Available data:

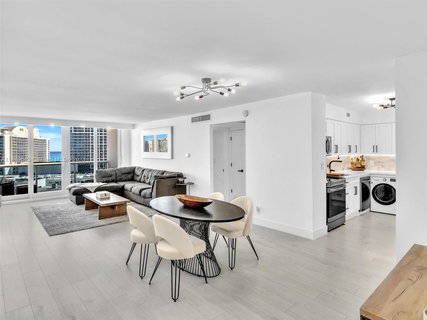 Coming soon! Welcome to your new home. The most beautifully renovated unit, a special 2 bedroom 2 bath home in the sky. Full amenities building where you can enjoy fantastic sunrises and incredible ocean views from your balcony. . Kitchen has been completely remodeled with updated cabinetry, quartz countertops and carrera marble backsplash. Luxury vinyl plank floors throughout the home, custom closets, recessed lighting throughout and sleek & bright living room with beautiful ocean views. Ready to move in and enjoy the beach lifestyle. Building features: sauna, gym, 24Hr security, pool, marina, valet parking. Walk to the Beach, Publix, restaurants. Insurance, cable-TV, exterminator, hot water, sewer and AC included in the HOA. For showings Please call agent 24hours notice .
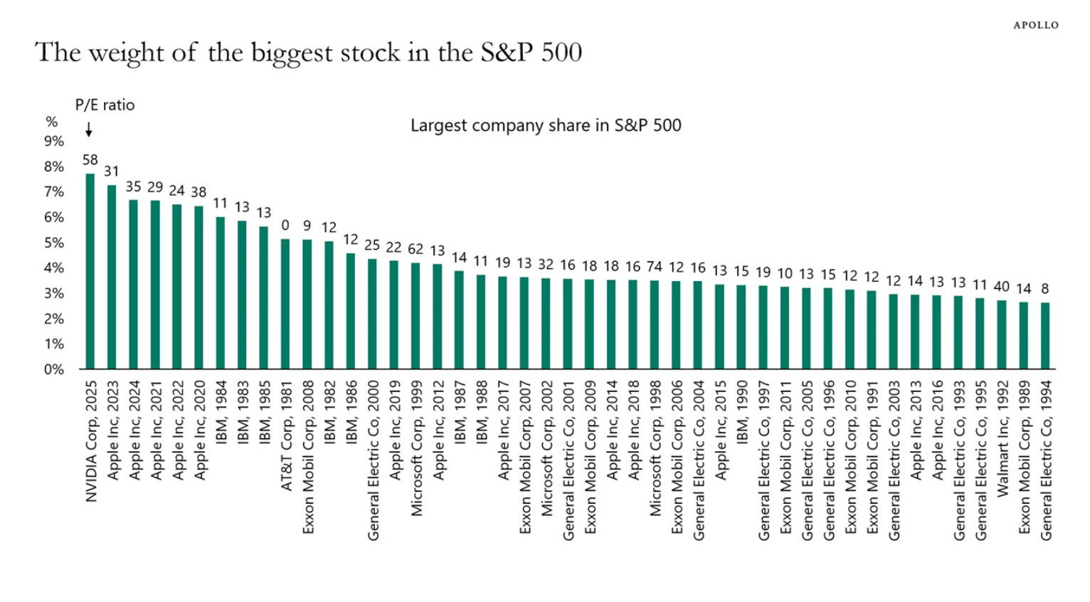 Nvidia on top β Nvidia now makes up nearly 8% of the S&P 500, the highest weighting of any stock in the indexβs history.
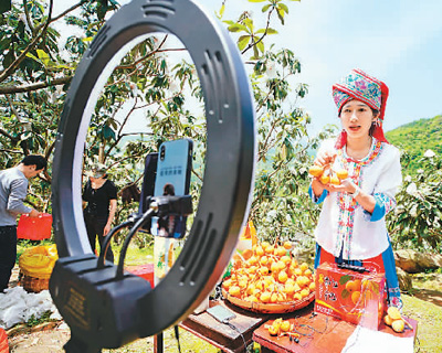 近日,廣西龍勝各族自治縣的枇杷進入收獲期,人們忙著采摘枇杷出售,銷往各地。圖為4月26日,在龍勝各族自治縣泗水鄉龍甸村枇杷種植基地,工作人員通過網絡直播銷售枇杷。
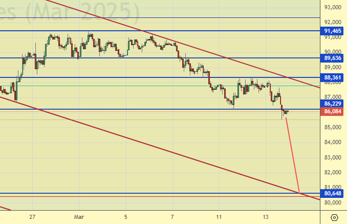 Продажа: нет. Кто в позиции от 88622, перенесите стоп на 88250. Цель: 81000.
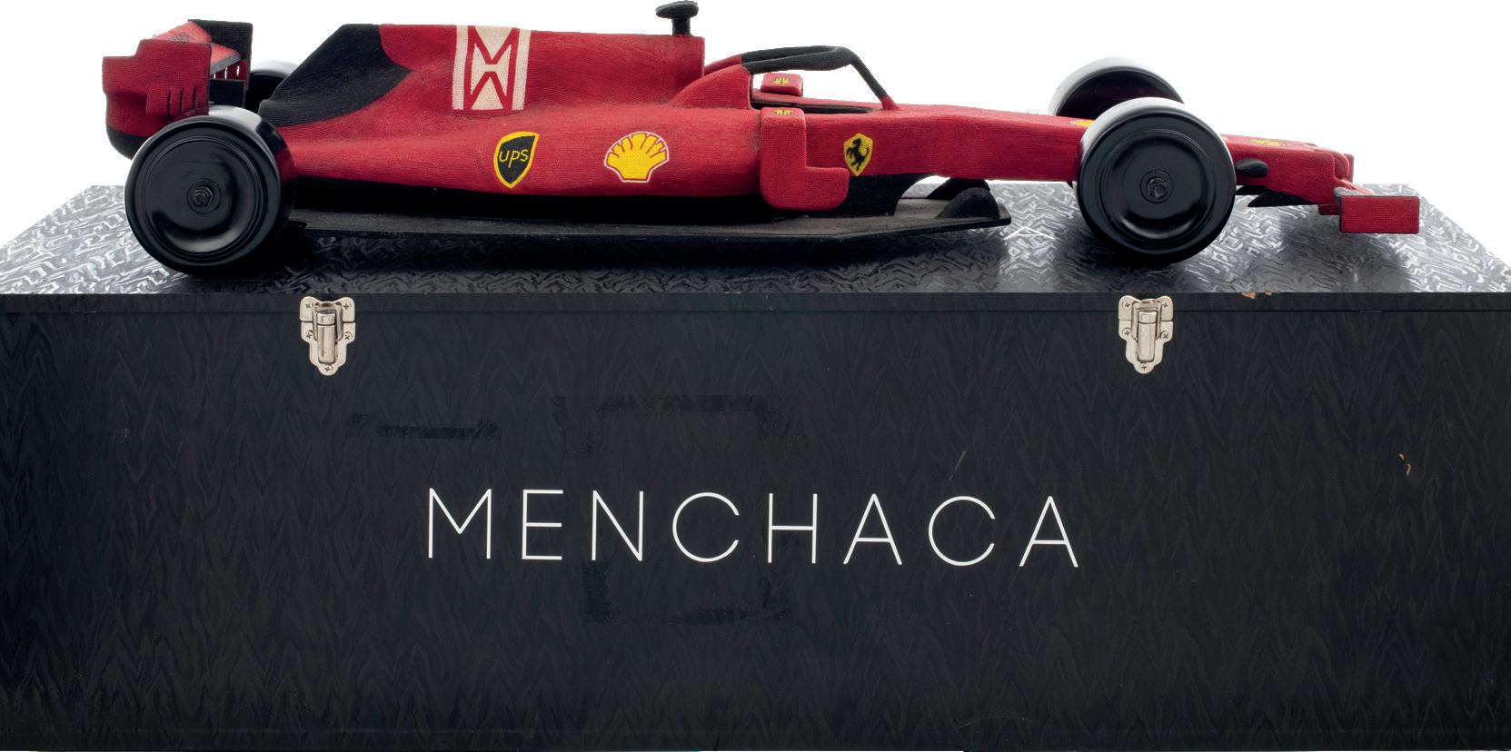La pieza fusiona la velocidad y precisión del automovilismo con la riqueza artesanal de la cultura wixárika. Cada fragmento de chaquira ha sido colocado a mano, transformando el diseño aerodinámico del Ferrari F1 en un lienzo tridimensional que celebra la tradición y la innovación. Esta obra del reconocido Menchaca Studio es un ejemplo emblemático de cómo el arte contemporáneo mexicano reinterpreta los íconos de la modernidad global desde una perspectiva profundamente identitaria y simbólica.

Problem description: Every line of the data above should be repeated exactly. Omit the pictures.

Answer to the problem:
 Coming soon! Welcome to your new home. The most beautifully renovated unit, a special 2 bedroom 2 bath home in the sky. Full amenities building where you can enjoy fantastic sunrises and incredible ocean views from your balcony. . Kitchen has been completely remodeled with updated cabinetry, quartz countertops and carrera marble backsplash. Luxury vinyl plank floors throughout the home, custom closets, recessed lighting throughout and sleek & bright living room with beautiful ocean views. Ready to move in and enjoy the beach lifestyle. Building features: sauna, gym, 24Hr security, pool, marina, valet parking. Walk to the Beach, Publix, restaurants. Insurance, cable-TV, exterminator, hot water, sewer and AC included in the HOA. For showings Please call agent 24hours notice .
 Nvidia on top β Nvidia now makes up nearly 8% of the S&P 500, the highest weighting of any stock in the indexβs history.
 近日,廣西龍勝各族自治縣的枇杷進入收獲期,人們忙著采摘枇杷出售,銷往各地。圖為4月26日,在龍勝各族自治縣泗水鄉龍甸村枇杷種植基地,工作人員通過網絡直播銷售枇杷。
 Продажа: нет. Кто в позиции от 88622, перенесите стоп на 88250. Цель: 81000.
La pieza fusiona la velocidad y precisión del automovilismo con la riqueza artesanal de la cultura wixárika. Cada fragmento de chaquira ha sido colocado a mano, transformando el diseño aerodinámico del Ferrari F1 en un lienzo tridimensional que celebra la tradición y la innovación. Esta obra del reconocido Menchaca Studio es un ejemplo emblemático de cómo el arte contemporáneo mexicano reinterpreta los íconos de la modernidad global desde una perspectiva profundamente identitaria y simbólica.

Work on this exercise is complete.